Social scientists tend to propose and test hypotheses of the following type:
Hypothesis: As [our explanatory variable] increases, [our outcome variable] also increases, all else equal.
The way that hypotheses of this sort are tested is by compiling a large data set and examining if in a multivariate framework there exists a positive coefficient on the explanatory variable. If so, then the hypothesis is confirmed (well, the null hypothesis is rejected) and all is right with the world.
Those conducting survey or field experiments operate similarly, although there is less concern in those situations about the interaction of other potentially confounding factors as the treatment has been administered randomly to a sample that resembles the non-treated sample (i.e. it is balanced).
This is fine. Obviously there are numerous questions where we are trying to establish the direction and magnitude of causal effects of one factor on an outcome of interest, and this methodology tends to produce compelling evidence in support of these kinds of hypotheses.

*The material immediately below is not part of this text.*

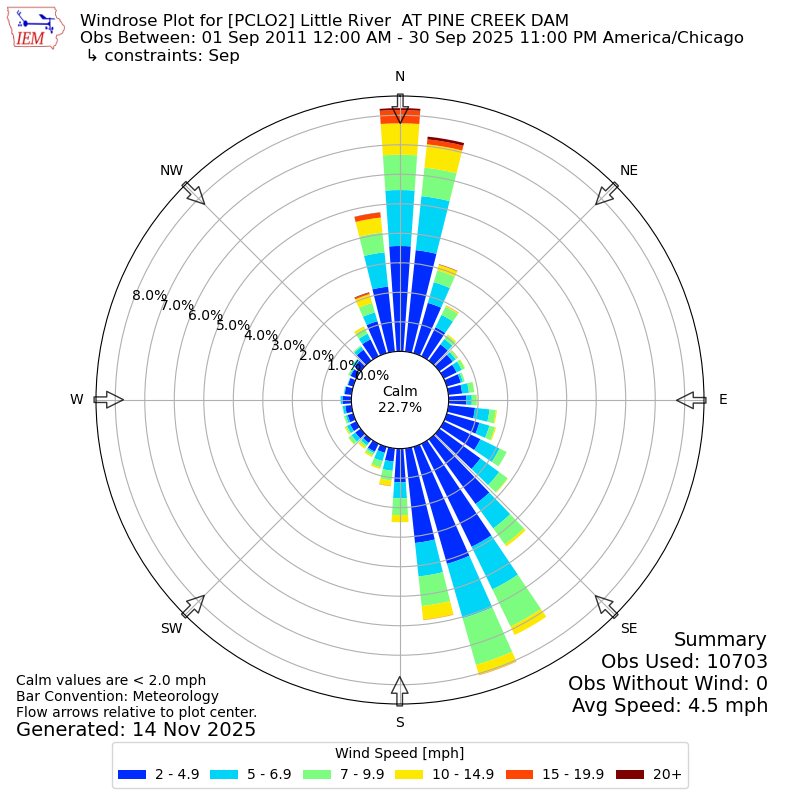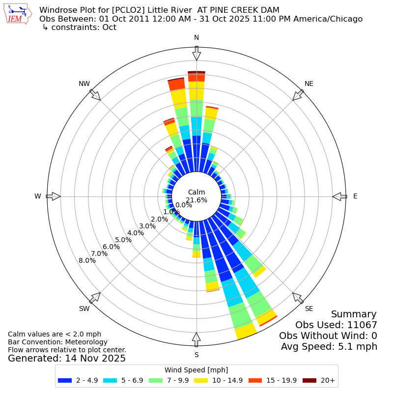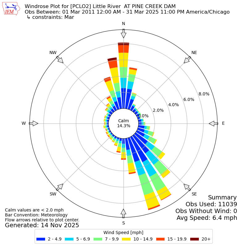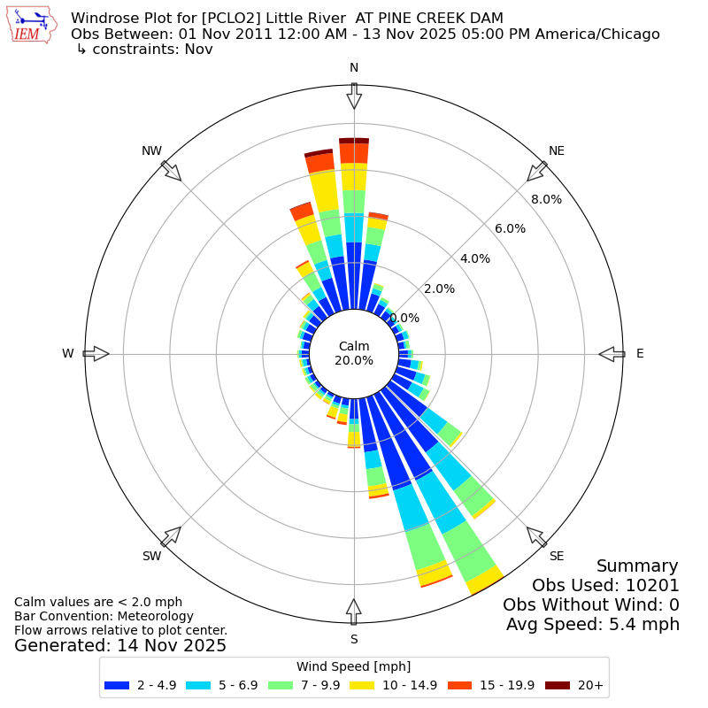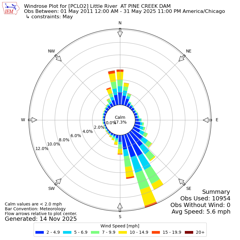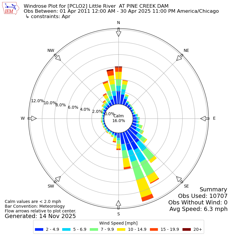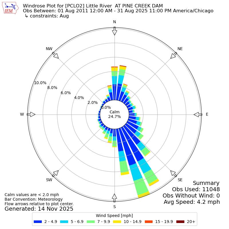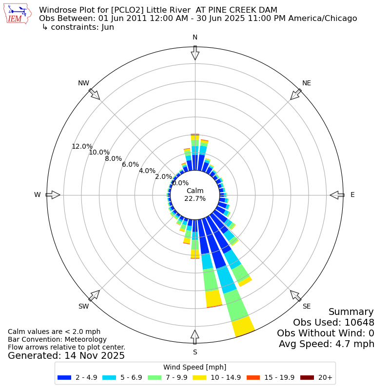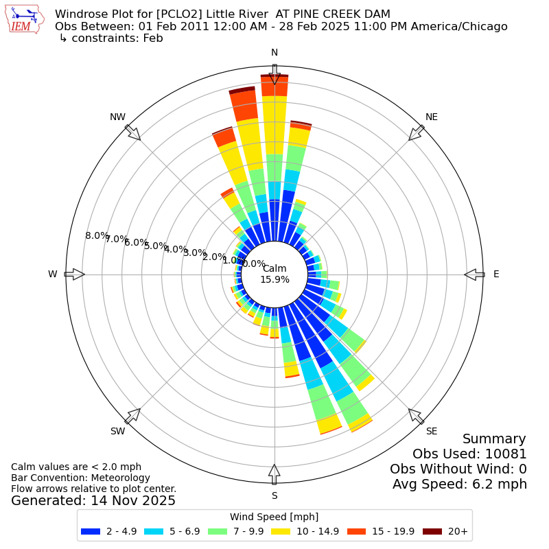 The IEM has generated these wind roses based on our archive. The archive does contain errors and non-representative data, so please use care when using these plots. In general, data from airports is of good quality and representative of the local surrounding area.

What I would like to suggest, however, is that we do not limit the work of social science to the investigation of average treatment effects. Those interested in pushing randomized controlled trials as the only acceptable methodology appear less concerned on this point. A positive mean effect can result from a consistent positive treatment effect across all individuals or a bimodal treatment effect with a larger share of individuals being effected in one direction than in the other (for a ludicrously outsized example, see the Pax in Serenity).
Politics is a complicated domain (as Einstein said) with creative and independent thinking actors that can change over time and respond to similar stimuli in wildly different directions.
The singular focus on means can cause us to ignore the variety of responses inside of the distribution from which the mean emerges. For example, Dean Baker has a great post on his Beat the Press blog about the reality of a very low–but positive–inflation rate.
Expressing concern over deflation (i.e. the inflation rate turning negative) is the way in which people tell you that they have no clue about economics and just repeat what they heard others say. The inflation indexes we use are an aggregation of millions of different price changes. There is a substantial amount of dispersion around the overall inflation number. This means that when the inflation rate is near zero, there are many goods and services whose prices are already falling.
The almost total focus on the mean number ignores that in order to produce a number so close to zero implies a broad set of goods where deflation is already in progress. If deflation is terrifying, then a very low overall inflation rate implies not that deflation is not occurring but that the share of the economy in deflation is relatively large.
Focusing solely on the meaning of the mean effect can lead us astray when the real story is elsewhere.